LlamaSim is a multi-LLM framework that aims to simulate human behavior at scale. Given a specific environment (e.g., voters in Pennsylvania, students at CMU), we simulate how target groups would respond to important questions/events. This allows us to more accurately predict event and condition outcomes.

This project also has contributions from Thomas Bahmandeji, Sahra Mohamad, and Dhruvi Kadhiwala.

The challenge – simulating human behavior with complex scenarios

One use case of LlamaSim is for predicting elections. Traditional polls and static models often fail to capture dynamic voter behavior, especially in battleground states where every news cycle can shift the race. Mass simulating LLMs brings a cutting-edge solution to predict elections more accurately than conventional methods.

For example, to simulate election results in battleground states, we can create 100s of LLMs that behave and role-play like real voters.

  1. Replicate voter districts using US census data
  2. Develop agents with rich backstories, programming them to “think” like voters in various demographics
  3. Simulate conversations between agents to simulate how they would react to hypothetical scenarios (e.g., Donald Trump launching his own cryptocurrency)
  4. Quantitatively predict how voters change their opinions of true/false questions (e.g., are you voting for Donald Trump?) based on aforementioned hypothetical scenarios

How we built this

Simulating this type of interaction has traditionally been impractical due to slow inference speeds, which make group chat-style conversations cumbersome – especially at scale. This is very noticeable when using Autogen/CrewAI with base model providers. Moreover, simulating large groups of voters in real-time demands significant computational resources, with complexity only increasing as we scale to hundreds or even thousands of identities representing specific populations, such as voters from Pennsylvania.

With Cerebras, we were able to simulate 100 voters (from generation to group chat to prediction) in less than 4 minutes. Specifically, for each voter, we’re able to generate a synthetic identity with over 20 socioeconomic characteristics, then adding a unique backstory about their life experiences. These simulated individuals are then placed in a group chat with the other 99 voters to engage in a conversation around a specific prompt. Afterward, we conduct a true or false poll on a given question, both before and after presenting them with the same hypothetical scenario, to measure any shifts in their opinions.

LlamaSim leverages Llama 3.1 8B, hosted on Cerebras, which delivers over 2000 tok/s, significantly outperforming other model providers. LlamaSim currently uses GPT-4o-mini for voter characteristic generation and Cerebras for backstory generation, both for 100 identities. The performance comparison is striking: In a recent benchmark, GPT-4o-mini completed the task in 98.78 seconds, while Cerebras achieved the same result in just 41.53 seconds (nearly a ~60% reduction!). Needless to say, I’m super excited to be pushing an update to LlamaSim using Cerebras for characteristic generation as well!

One of the key challenges in this project was ensuring that the output adhered to a structured schema, particularly for identity generation. This was crucial for maintaining consistency and realism across the simulated agents. We used Cerebras integration with Instructor to efficiently generate structured outputs that met the required specifications, ensuring precise and coherent agent identities.

Another challenge we faced was managing conversation context in a native sliding window format.

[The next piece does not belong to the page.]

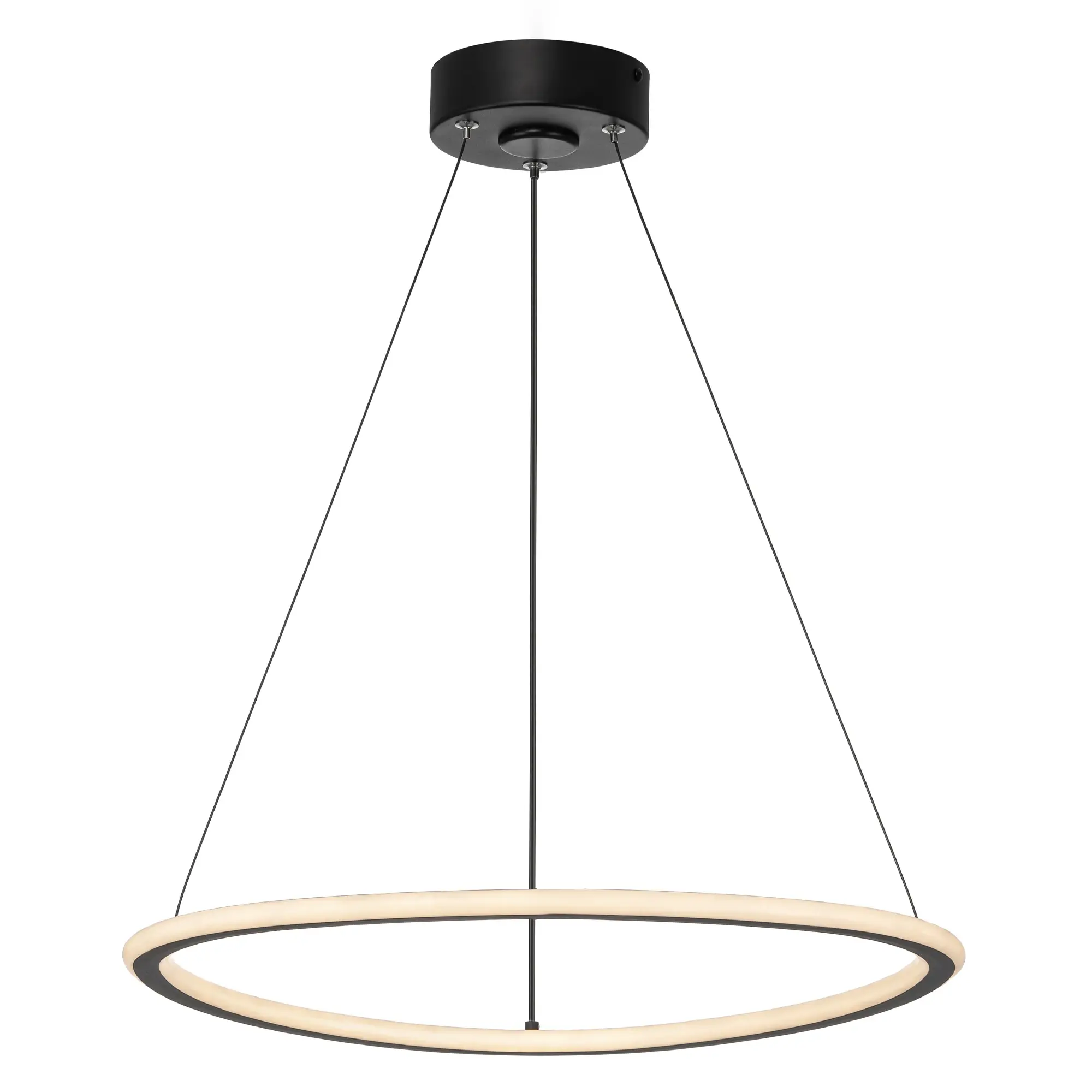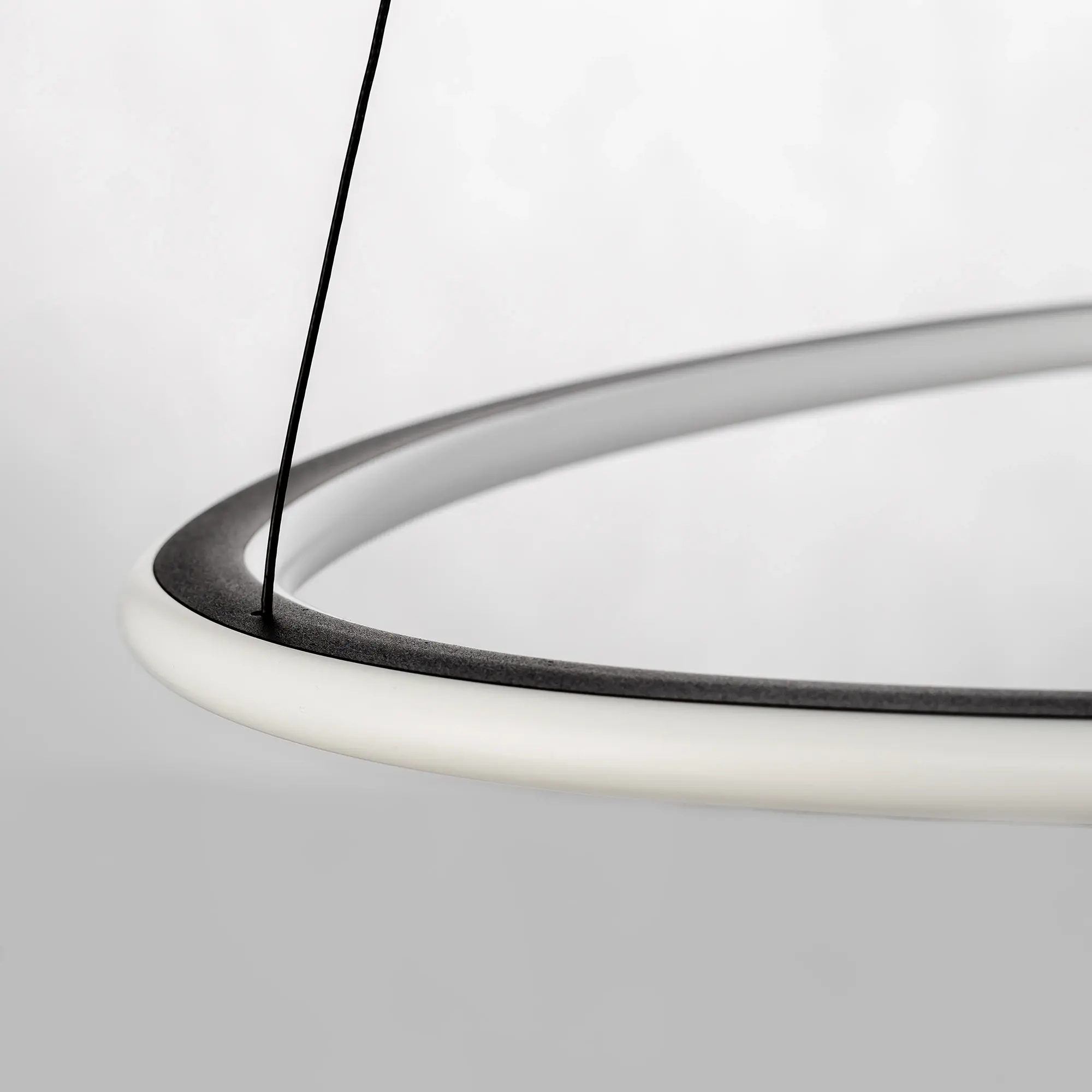 Люстра на тросах, в форме подвесного кольца оригинальной формы, высоту и угол наклона которого можно изменить. Корпус металлический, окрашен чёрной матовой текстурной краской.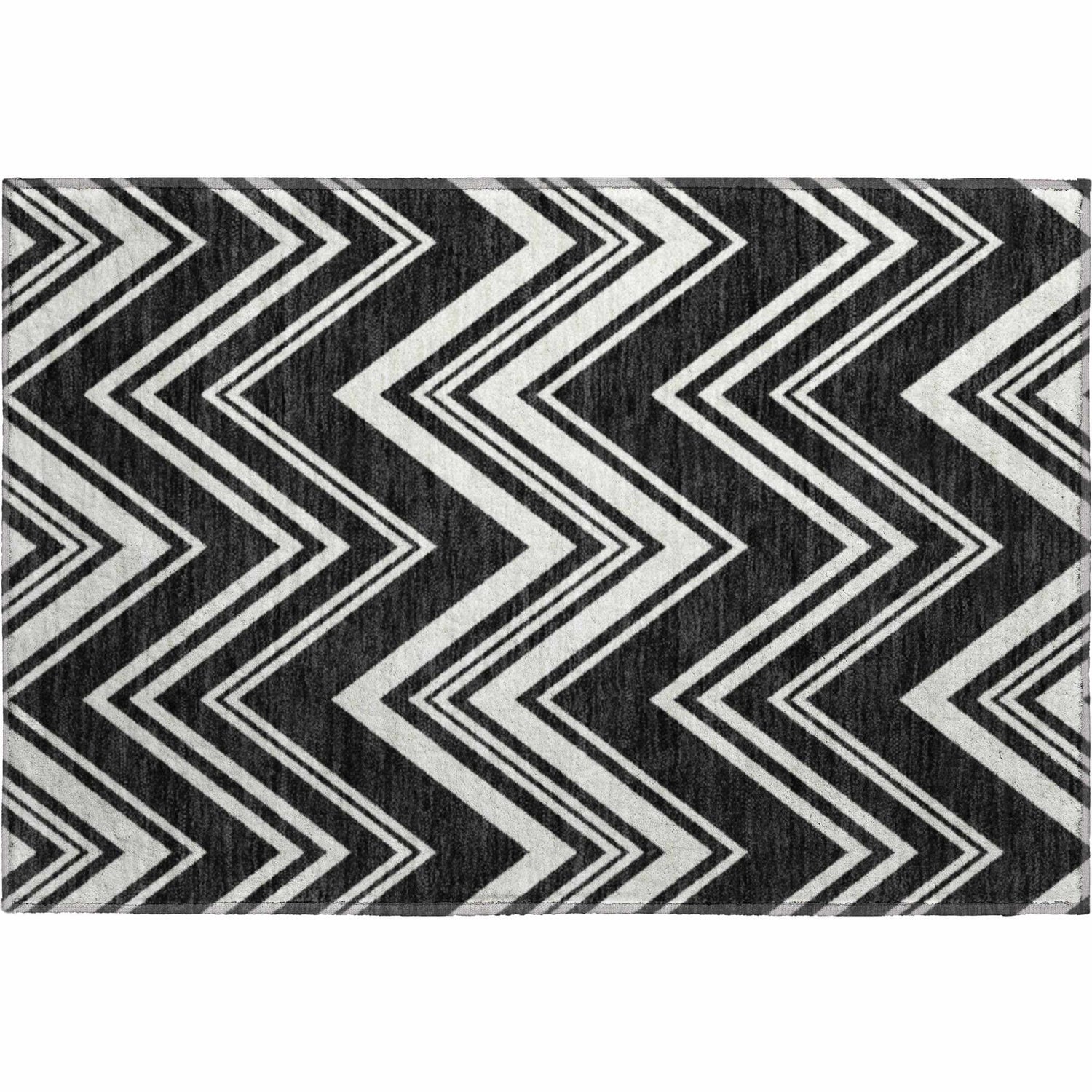 A bold, graphic black-and-white chevron rug that's fully machine washable and outdoor-safe — striking enough for a living room, tough enough for a patio.

Since the model’s context length was limited, we had to dynamically handle the removal of older messages to ensure that the most relevant and recent information remained within the context window. This required careful balancing to maintain the flow of conversations while preventing any loss of critical context for coherent interactions. Super excited to be re-implementing this using mem0.ai!

What’s next?

I’m excited to continue enhancing LlamaSim by implementing both long-term and short-term memory storage using mem0.ai, and developing live news feeds to keep our agents updated with real-time information. Looking ahead, I’ll be expanding the framework to dynamically generate demographically aligned agents for any population, instantly, and will be launching a live public demo that anyone can interact with.

Try LlamaSim now on Github.

About Jet Wu

The Cerebras Fellows program has been invaluable in providing both technical support and increased rate limits for LlamaSim, allowing me to scale and optimize my project in ways I couldn’t have done alone. Beyond the technical resources, the mentorship and guidance I’ve received have been incredible, helping me navigate challenges and continuously refine my approach.

I’m currently a junior at Carnegie Mellon University studying Statistics & Machine Learning. Lately, I’ve been diving deep into behavioral economics, exploring how human decision-making intersects with data and AI. In my free time, I enjoy learning new things—most recently, trying to master golf (emphasis on trying) and plotting world domination through Catan.